Why are solids rigid?
ANSWER: The constituent particles in solids have fixed positions and can
oscillate about their mean positions. Hence, they are rigid.
1.2.
Why do solids have definite volume?
ANSWER: Solids keep their volume because of rigidity in their structure.
The interparticle forces are very strong. Moreover, the interparticle spaces
are very few and small as well. As a result, their volumes cannot change by
applying pressure.
1.3.
Classify the following as amorphous or crystalline solids: Polyurethane,
naphthalene, benzoic acid, Teflon, potassium nitrate, cellophane, polyvinyl
chloride, fiber glass, copper
ANSWER: Crystalline solids: Benzoic acid, potassium nitrate, copper
Amorphous solids: Polyurethane, Teflon, cellophane, polyvinyl chloride, fiber glass
1.4.
Why is glass considered as super cooled liquid ?

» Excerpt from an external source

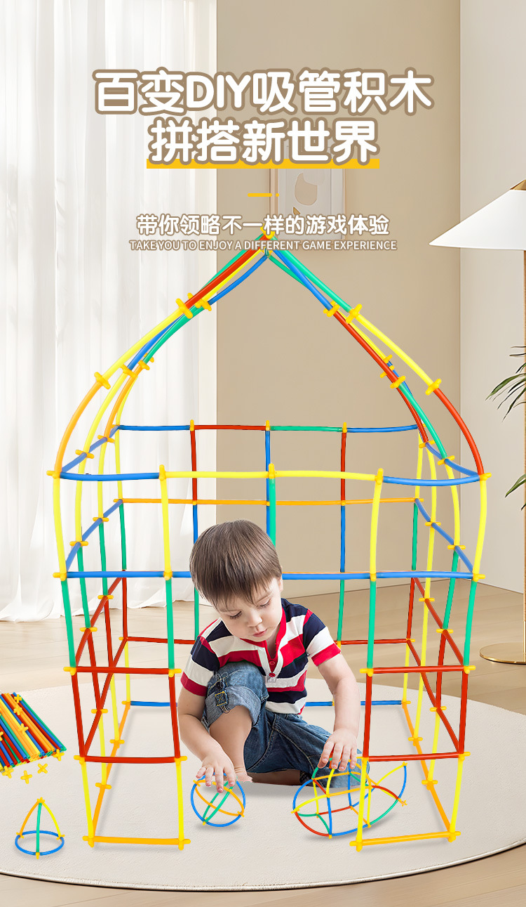 어린이 밀짚 창조적 인 빌딩 블록 DIY 호스 스트립 4D 공간 건축 자재 유치원 조기 교육 장난감스토어 가기

ANSWER: Glass is considered to be super cooled liquid because it shows
some of the characteristics of liquids, though it is an amorphous solid. For
example, it is slightly thicker at the bottom. This can be possible only if it
has flown like liquid, though very slowly.
1.5.
Refractive index of a solid is observed to have the same value along all
directions. Comment on the nature of this solid. Would it show cleavage
property?
ANSWER: As the solid has same value of refractive index along all
directions, it is isotropic in nature and hence amorphous. Being amorphous
solid, it will not show a clean cleavage and when cut, it will break into
pieces with irregular surfaces.
1.6.
Classify the following solids in different categories based on the nature of
the intermolecular forces: sodium sulphide, copper, benzene, urea, ammonia,
water, zinc sulphide, diamond, rubidium, argon, silicon carbide.
ANSWER: Ionic, metallic, molecular, molecular, molecular
(hydrogen-bonded), molecular (hydrogen-bonded), ionic, covalent, metallic,
molecular, covalent (network).
1.7.
Solid A is a very hard electrical insulator in. solid as well as in molten
state and melts at extremely high temperature. What type of solid is it?
ANSWER: It is a covalent or network solid.
1.8.
Why are ionic solids conducting in the molten state and not in the solid-state?
ANSWER: In the ionic solids, the electrical conductivity is due to the
movement of the ions. Since the ionic mobility is negligible in the solid
state, these are non-conducting in this state. Upon melting, the ions present
acquire some mobility. Therefore, the ionic solids become conducting
1.9.
What type of solids are electrical conductors, malleable and ductile?
ANSWER: Metallic solids
1.10. Give
the significance of a lattice point.
ANSWER: The lattice point denotes the position of a particular constituent
in the crystal lattice. It may be atom, ion or a molecule. The arrangement of
the lattice points in space is responsible for the shape of a particular
crystalline solid.
1.11.
Name the parameters that characterize a unit cell.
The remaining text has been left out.